##### DATA

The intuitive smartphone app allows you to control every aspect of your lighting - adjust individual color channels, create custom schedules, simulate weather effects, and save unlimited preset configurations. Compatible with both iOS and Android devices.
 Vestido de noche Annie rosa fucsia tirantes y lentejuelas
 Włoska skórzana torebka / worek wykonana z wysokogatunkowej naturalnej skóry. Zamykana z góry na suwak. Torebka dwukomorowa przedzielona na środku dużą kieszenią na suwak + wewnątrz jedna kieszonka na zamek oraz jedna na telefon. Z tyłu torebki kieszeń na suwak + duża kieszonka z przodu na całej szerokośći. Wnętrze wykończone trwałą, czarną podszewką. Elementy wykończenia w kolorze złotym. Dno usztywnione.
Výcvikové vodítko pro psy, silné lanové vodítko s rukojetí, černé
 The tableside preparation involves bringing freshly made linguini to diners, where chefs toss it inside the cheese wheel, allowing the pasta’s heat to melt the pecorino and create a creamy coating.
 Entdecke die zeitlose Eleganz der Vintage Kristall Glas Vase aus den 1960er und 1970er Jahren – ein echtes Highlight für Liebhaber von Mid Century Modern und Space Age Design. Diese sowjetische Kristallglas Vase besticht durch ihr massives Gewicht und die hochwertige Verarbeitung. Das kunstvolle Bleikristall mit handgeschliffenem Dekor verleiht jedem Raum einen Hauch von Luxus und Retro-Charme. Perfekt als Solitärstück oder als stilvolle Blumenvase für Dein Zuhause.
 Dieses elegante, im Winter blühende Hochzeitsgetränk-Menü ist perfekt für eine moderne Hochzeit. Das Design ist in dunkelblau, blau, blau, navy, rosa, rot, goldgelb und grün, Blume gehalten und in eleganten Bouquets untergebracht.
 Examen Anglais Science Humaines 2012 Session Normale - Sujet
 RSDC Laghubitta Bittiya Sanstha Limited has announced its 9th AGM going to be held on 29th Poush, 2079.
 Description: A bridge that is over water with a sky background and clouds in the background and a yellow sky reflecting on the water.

##########

WORK TO BE COMPLETED: Copy out precisely the lines from the line with "Vestido de noche" to the line with "Włoska skórzana torebka" in the material above, including those two lines and omitting all the rest.

PROBLEM SOLUTION:
 Vestido de noche Annie rosa fucsia tirantes y lentejuelas
 Włoska skórzana torebka / worek wykonana z wysokogatunkowej naturalnej skóry. Zamykana z góry na suwak. Torebka dwukomorowa przedzielona na środku dużą kieszenią na suwak + wewnątrz jedna kieszonka na zamek oraz jedna na telefon. Z tyłu torebki kieszeń na suwak + duża kieszonka z przodu na całej szerokośći. Wnętrze wykończone trwałą, czarną podszewką. Elementy wykończenia w kolorze złotym. Dno usztywnione.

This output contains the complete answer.